Work required >> Reproduce only the lines of the material below that start at the line containing "オーダーは、名物(?)チキン" and stop at the line containing "Снегоочиститель питается от". Keep both end lines.

Records for processing >>
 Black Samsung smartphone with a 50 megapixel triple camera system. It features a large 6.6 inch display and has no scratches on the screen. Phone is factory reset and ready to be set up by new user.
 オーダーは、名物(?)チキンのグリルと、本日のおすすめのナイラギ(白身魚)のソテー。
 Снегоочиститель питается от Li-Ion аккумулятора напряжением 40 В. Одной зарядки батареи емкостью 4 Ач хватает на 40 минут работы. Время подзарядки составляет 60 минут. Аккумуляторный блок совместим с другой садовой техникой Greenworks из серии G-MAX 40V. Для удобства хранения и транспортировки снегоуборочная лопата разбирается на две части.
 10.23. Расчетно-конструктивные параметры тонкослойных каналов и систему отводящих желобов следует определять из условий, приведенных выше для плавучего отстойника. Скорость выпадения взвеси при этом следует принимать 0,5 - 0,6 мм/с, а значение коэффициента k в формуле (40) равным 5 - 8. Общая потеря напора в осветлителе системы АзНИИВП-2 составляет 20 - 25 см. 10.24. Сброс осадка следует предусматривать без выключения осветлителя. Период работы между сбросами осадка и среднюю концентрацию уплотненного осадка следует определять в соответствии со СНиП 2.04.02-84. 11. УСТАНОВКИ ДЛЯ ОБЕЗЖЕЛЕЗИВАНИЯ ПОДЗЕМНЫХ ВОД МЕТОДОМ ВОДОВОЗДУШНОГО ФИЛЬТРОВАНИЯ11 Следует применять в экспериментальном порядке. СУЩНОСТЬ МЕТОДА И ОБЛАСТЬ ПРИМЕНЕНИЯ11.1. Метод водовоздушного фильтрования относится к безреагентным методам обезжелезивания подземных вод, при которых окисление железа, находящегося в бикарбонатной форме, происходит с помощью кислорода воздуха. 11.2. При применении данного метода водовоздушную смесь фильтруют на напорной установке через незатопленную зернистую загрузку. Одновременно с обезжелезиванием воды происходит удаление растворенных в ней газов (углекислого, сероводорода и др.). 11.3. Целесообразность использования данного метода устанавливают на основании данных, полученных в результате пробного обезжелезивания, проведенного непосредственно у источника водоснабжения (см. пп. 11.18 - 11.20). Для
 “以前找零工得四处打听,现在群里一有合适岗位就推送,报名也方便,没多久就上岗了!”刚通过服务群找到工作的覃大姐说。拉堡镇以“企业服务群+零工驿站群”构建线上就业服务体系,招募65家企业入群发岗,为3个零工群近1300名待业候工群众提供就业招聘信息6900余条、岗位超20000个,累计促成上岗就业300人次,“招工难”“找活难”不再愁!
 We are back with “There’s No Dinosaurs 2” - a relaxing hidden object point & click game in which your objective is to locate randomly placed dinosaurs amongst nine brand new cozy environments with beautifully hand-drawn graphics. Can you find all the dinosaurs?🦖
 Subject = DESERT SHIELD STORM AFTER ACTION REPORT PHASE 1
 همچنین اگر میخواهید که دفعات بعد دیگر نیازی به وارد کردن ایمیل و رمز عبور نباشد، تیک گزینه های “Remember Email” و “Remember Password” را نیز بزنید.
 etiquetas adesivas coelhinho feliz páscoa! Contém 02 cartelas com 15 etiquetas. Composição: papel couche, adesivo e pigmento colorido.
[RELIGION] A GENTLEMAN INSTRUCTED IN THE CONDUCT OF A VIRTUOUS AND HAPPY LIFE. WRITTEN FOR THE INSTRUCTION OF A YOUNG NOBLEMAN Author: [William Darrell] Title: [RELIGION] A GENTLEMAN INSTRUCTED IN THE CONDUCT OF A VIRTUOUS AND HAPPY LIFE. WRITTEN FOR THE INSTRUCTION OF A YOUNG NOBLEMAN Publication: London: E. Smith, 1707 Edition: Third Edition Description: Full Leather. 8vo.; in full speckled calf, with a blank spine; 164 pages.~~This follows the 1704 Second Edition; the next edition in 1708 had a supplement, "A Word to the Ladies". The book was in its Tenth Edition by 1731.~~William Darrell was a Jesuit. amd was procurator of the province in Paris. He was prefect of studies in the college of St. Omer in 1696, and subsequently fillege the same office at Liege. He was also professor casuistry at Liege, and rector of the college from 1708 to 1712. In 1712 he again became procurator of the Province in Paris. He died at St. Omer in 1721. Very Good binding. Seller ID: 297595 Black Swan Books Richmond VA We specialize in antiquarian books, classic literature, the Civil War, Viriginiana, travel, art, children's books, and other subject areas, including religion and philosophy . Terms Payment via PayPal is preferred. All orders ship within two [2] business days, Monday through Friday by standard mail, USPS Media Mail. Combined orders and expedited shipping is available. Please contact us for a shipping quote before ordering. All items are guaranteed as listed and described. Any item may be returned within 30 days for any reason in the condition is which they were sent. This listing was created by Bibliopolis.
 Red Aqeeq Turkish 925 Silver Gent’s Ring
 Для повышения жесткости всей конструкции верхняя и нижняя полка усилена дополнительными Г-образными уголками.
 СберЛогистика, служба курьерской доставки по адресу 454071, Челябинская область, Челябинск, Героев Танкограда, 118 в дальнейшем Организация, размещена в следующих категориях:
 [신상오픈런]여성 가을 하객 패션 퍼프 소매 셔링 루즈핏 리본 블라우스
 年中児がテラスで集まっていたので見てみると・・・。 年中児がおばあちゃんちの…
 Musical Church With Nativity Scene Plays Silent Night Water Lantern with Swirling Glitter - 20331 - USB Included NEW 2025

Response to this task >>
 オーダーは、名物(?)チキンのグリルと、本日のおすすめのナイラギ(白身魚)のソテー。
 Снегоочиститель питается от Li-Ion аккумулятора напряжением 40 В. Одной зарядки батареи емкостью 4 Ач хватает на 40 минут работы. Время подзарядки составляет 60 минут. Аккумуляторный блок совместим с другой садовой техникой Greenworks из серии G-MAX 40V. Для удобства хранения и транспортировки снегоуборочная лопата разбирается на две части.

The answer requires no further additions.